冒頭の、大量のトンボが飛び去るシーンからただならぬ気配を漂わせ、モチーフである大地震まで、言いようのない緊張を観ている我々に強いる。
さらには、地震そのもののシーンも、よくぞここまで描いたものと感心する出来映えであった。
残酷であるとか、見るに耐えないとか、そういうことも少しは思ったが、現実はもっと悲惨なのだ。
ふたりの子どもががれきの下敷きになっていて、どちらを助けるか選べと母親に迫るシーンはなんとも痛ましい。
ここはどう描いても共感とはほど遠い。ましてやなぜ息子を、という問いも無駄である。
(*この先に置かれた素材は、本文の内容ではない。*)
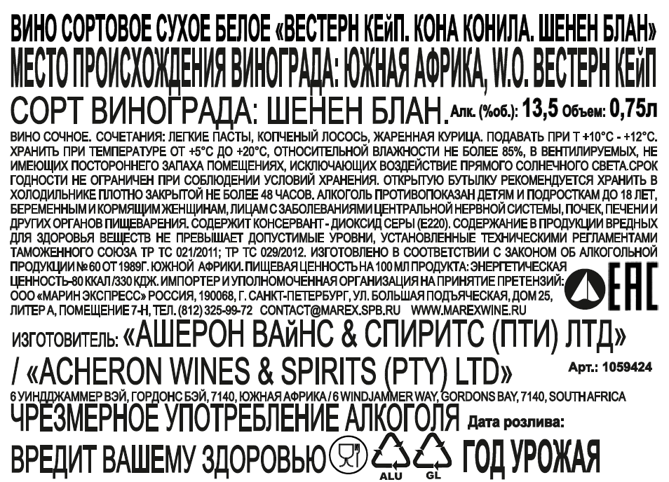 Виноград сорта пинотаж собран с виноградника Бридеклуф. После холодной мацерации, сусло ферментируется при температуре 26-28 градусов в емкостях из нержавеющей стали. Около 10% вина выдерживалась в емкостях из стали и французском дубе. Внешний вид: Рубиновый цвет. Вкус: Сочный, ягодный вкус с бархатистыми танинами и длительным послевкусием с легкими дымными нотами. Аромат: В аромате раскрываются тона спелой сливы, шелковицы и сладких специй. Гастрономические сочетания: Блюда из красного мяса, BBQ. Белое сухое вино из винограда сорта Шенен Блан, впитавшего в себя уникальный характер терруара Западного Кейпа. Собранный виноград очищается от гребней, дробится и мацерируется при низких температурах на протяжении нескольких часов. Далее следуют бережное прессование и декантация сока при температуре 10С в течение 48 часов. Ферментация протекает при температуре 12С.
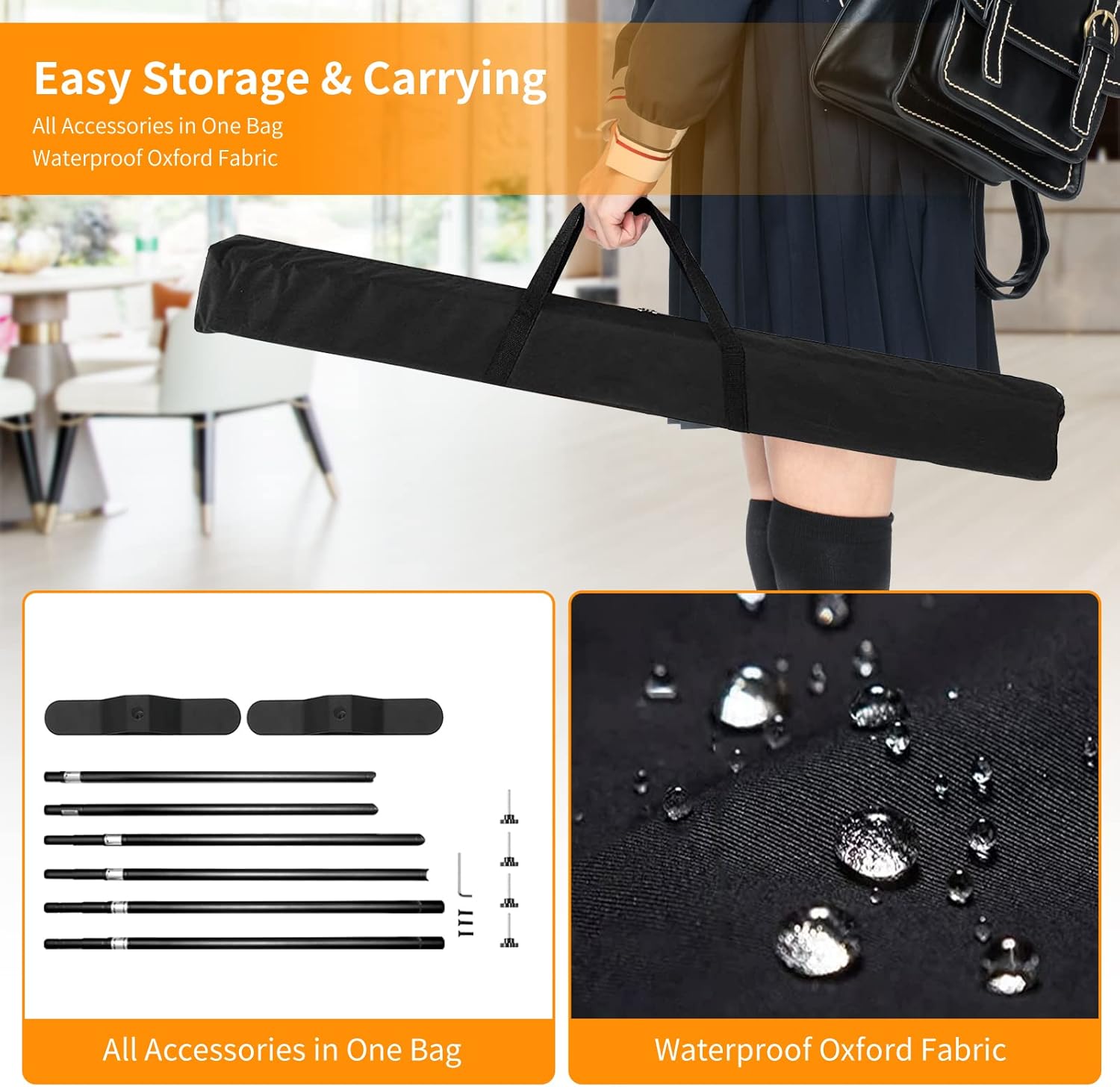 - 【Easy to Assemble & Easy to Carry】 Features telescopic design, easy to adjust width and height by twisting the bar into place, set up a background stand in a few minutes with no extra tool.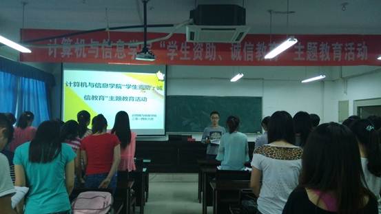 为宣传、倡导诚实守信的契约精神,促使我院学生树立诚信观念、增强大家的法律意识,同时落实相关文件精神。计算机与信息学院于5月下旬在全院范围内集中开展“学生资助,诚信教育”主题教育活动,本次活动得到我院党政领导的高度重视和积极支持。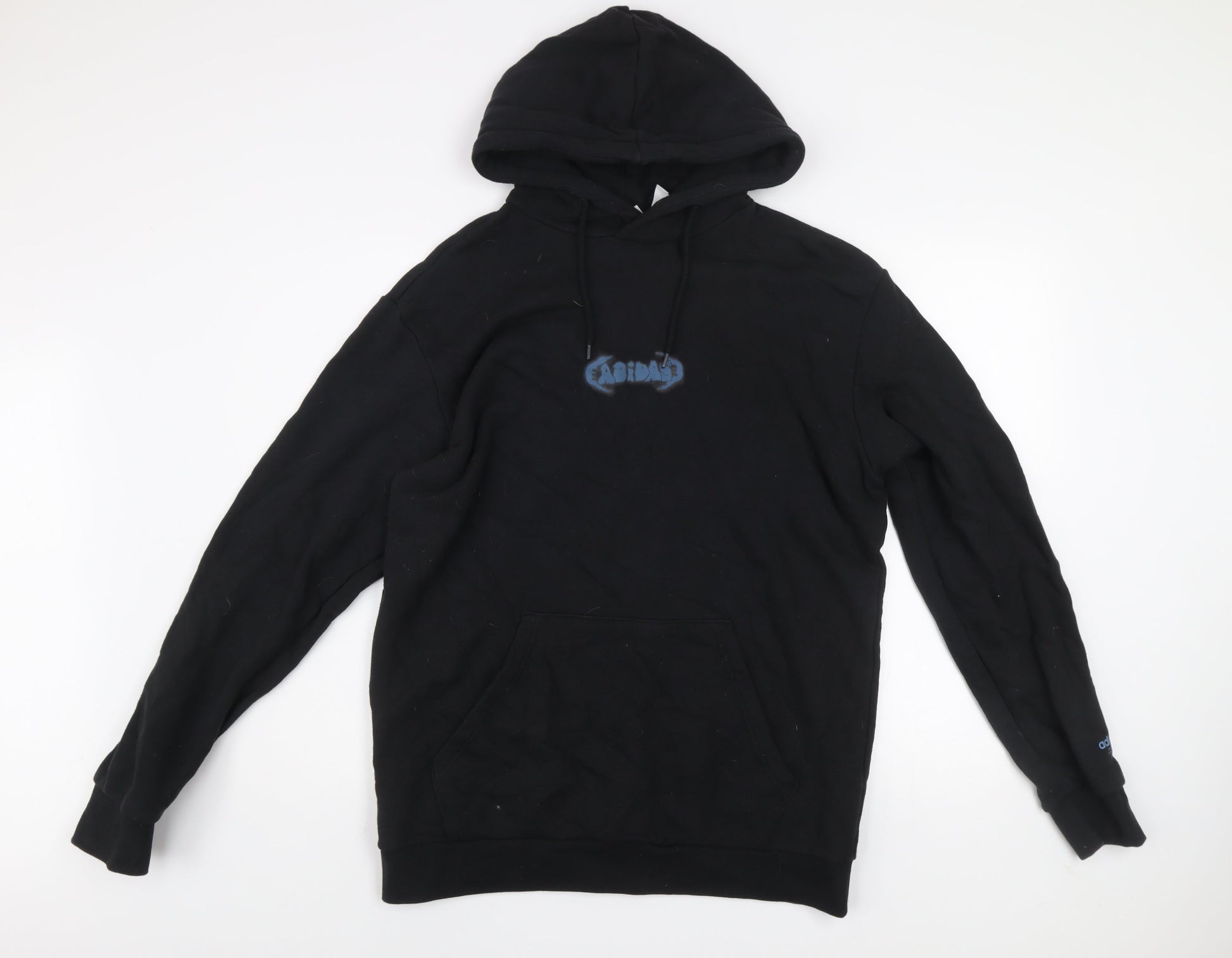 Adidas Mens Black Large Pullover Hoodie Cotton Graphic Print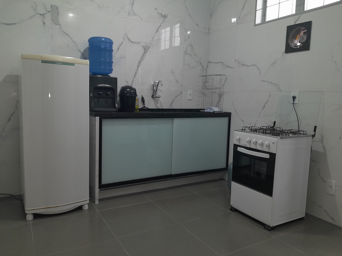 NON-SMOKING apartment. Fully furnished and decorated apartment, featuring a 40” smart TV and internet, three bedrooms with fans and box beds, two of which are air-conditioned, bed linens (bottom sheet, top sheet, pillowcases and pillows *we do not have a blanket), face and bath towels, ironing board and iron are available, as well as a hairdryer. Easy access, near the Anhanguera highway. A convenience store on the same street, supermarkets and pharmacies are very close.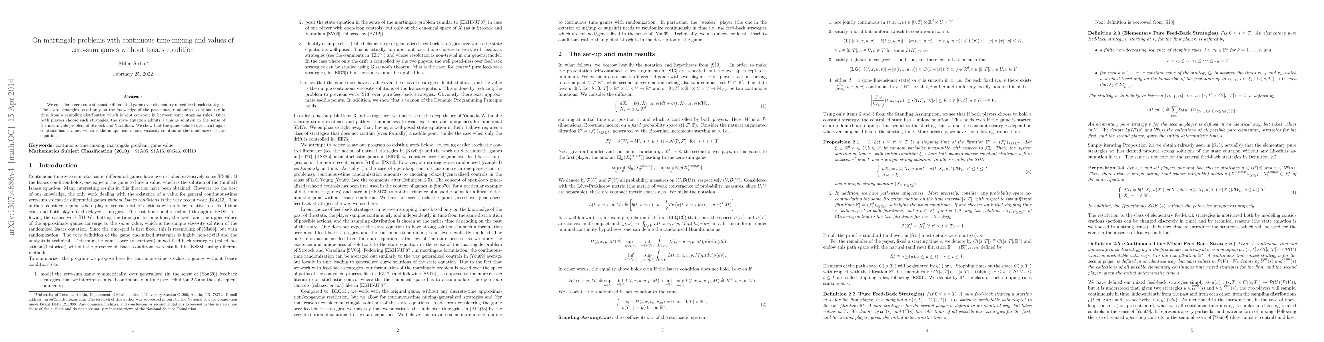 The paper analyzes a zero-sum stochastic differential game using continuous-time mixing strategies, focusing on elementary mixed feedback strategies that are randomized continuously in time from a sampling distribution. It establishes conditions under which the state equation has a unique solution in the martingale problem sense.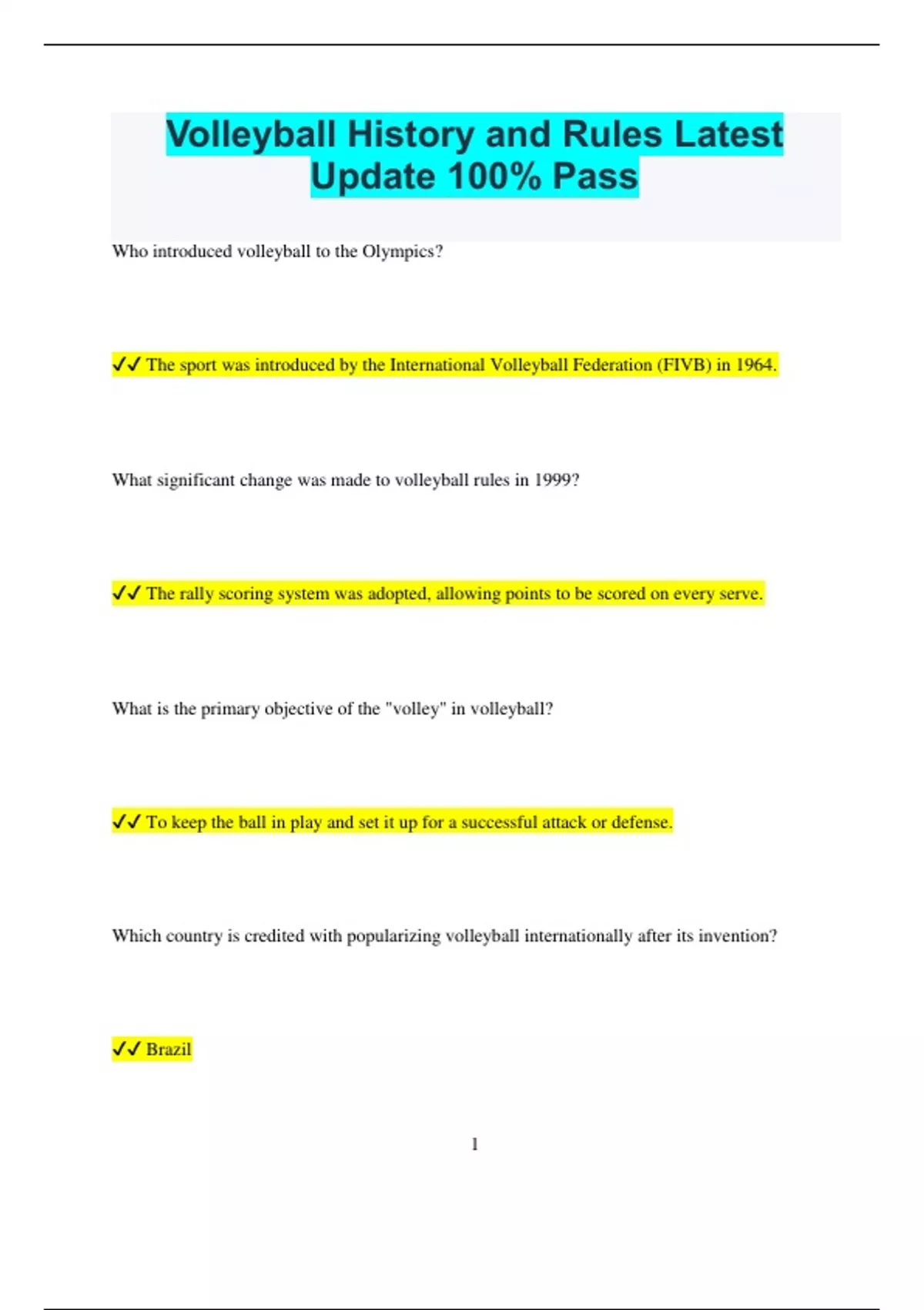 Volleyball Bundled Exams Questions and Answers Multiple Versions Latest Updates (2024/2025) (Complete, Accurate, and Verified)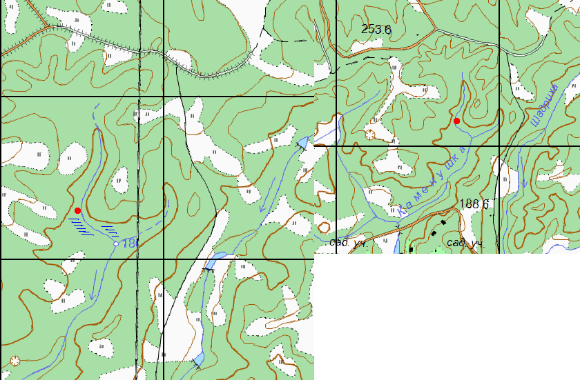 русло ручья, напротив северо-восточного мыса.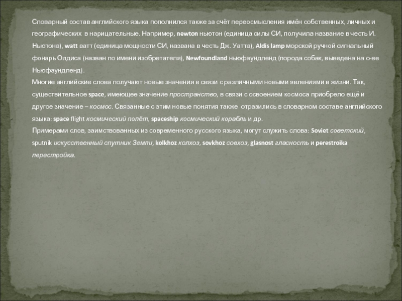 Слайд 14Словарный состав английского языка пополнился также за счёт переосмысления имён собственных,
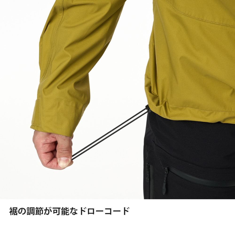 雪山に必要なギミックを各所に過不足なく配置しました。フードはヘルメットに対応可能、かつビーニーにもフィットさせられるアジャスタ機構を搭載。顔まわりを風雪から保護する高めの襟、寒冷地でも凍り付きにくい止水ビスロン®のフロントファスナーなど、少しステップアップした雪山にも対応可能なディテールです。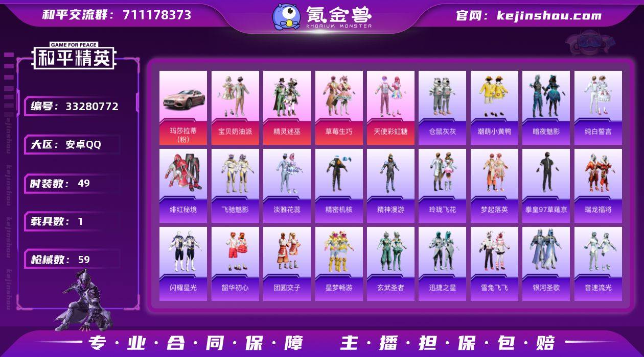 【和平精英】4粉装,3特效枪,1载具,历史最高段位:荣耀皇冠Ⅰ 王牌印记-1次 热力值:37365,101套装,115枪械,121装备,58战备;套装:套装-宝贝奶油派,套装-天使彩虹糖,套装-精灵迷巫,套装-草莓生巧,套装-红色运动,套装-骑行爱好者,套装-竞技名士,套装-猛禽,套装-游猎者,套装-长空猛禽,套装-竞技勇士朋克,套装-刚毅裁决者,套装-特战装甲,套装-战地菁英,套装-特殊使命,套装-灰色格斗者,套装-甜蜜告白,套装-潮流先锋,套装-滨海假日,套装-千禧之恋,套装-怒火燎原,套装-魅力单车,套装-耀眼新星,套装-雪山征服者,套装-夜莺强袭者,套装-风行保卫者,套装-沙漠兵团,套装-丛林猎人,套装-SS2特训,套装-派对绅士,套装-雪山精英,套装-传奇侦探,套装-极地朋克,套装-冰原奔狼,套装-绯红秘境,套装-甜蜜菠萝,套装-半糖蓝莓,套装-精密机核,套装-午夜朋克,套装-青涩时光,套装-滨海厨神,套装-特种空勤,套装-和平特警,套装-风暴特警,套装-SS3特训,套装-攀登者,套装-疯狂小兔子,套装-SS5特训,套装-圣诞大吉,套装-冰原使者,套装-凛冬战士,套装-北国孤狼,套装-SS6特训,套装-拳皇97草薙京,套装-炽焰拳师,套装-格斗专家,套装-仓鼠灰灰,套装-...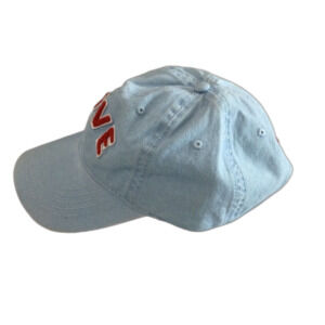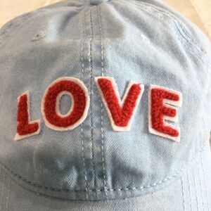 Love Raised Letters Distressed Light Blue and Red. Adjustable Cap. Please reference attached pictures for raised letters,faded Blue and red colors, condition and sizing strap.

誰にもわからない。
ただ、本作では犠牲にした娘が実は生きていたというところからドラマが始まる。
フォン・シャオガン監督は、息子と母親のパートと娘のパートをほどよく配置し、両方の暮らしを平穏に描いていく。退屈といってもいいくらいだ。
平和な暮らしとは一種退屈なものだ。
そして、四川の大地震。
想像を絶する状況に、各登場人物は直面していくわけで、僕はただ彼らを応援することしかできない。
東日本の復興もいまだ道半ば。けっして風化させてはならない。
この映画が、規模は小さくなったとはいえ、無事に一般公開されたことは喜ばしいことである。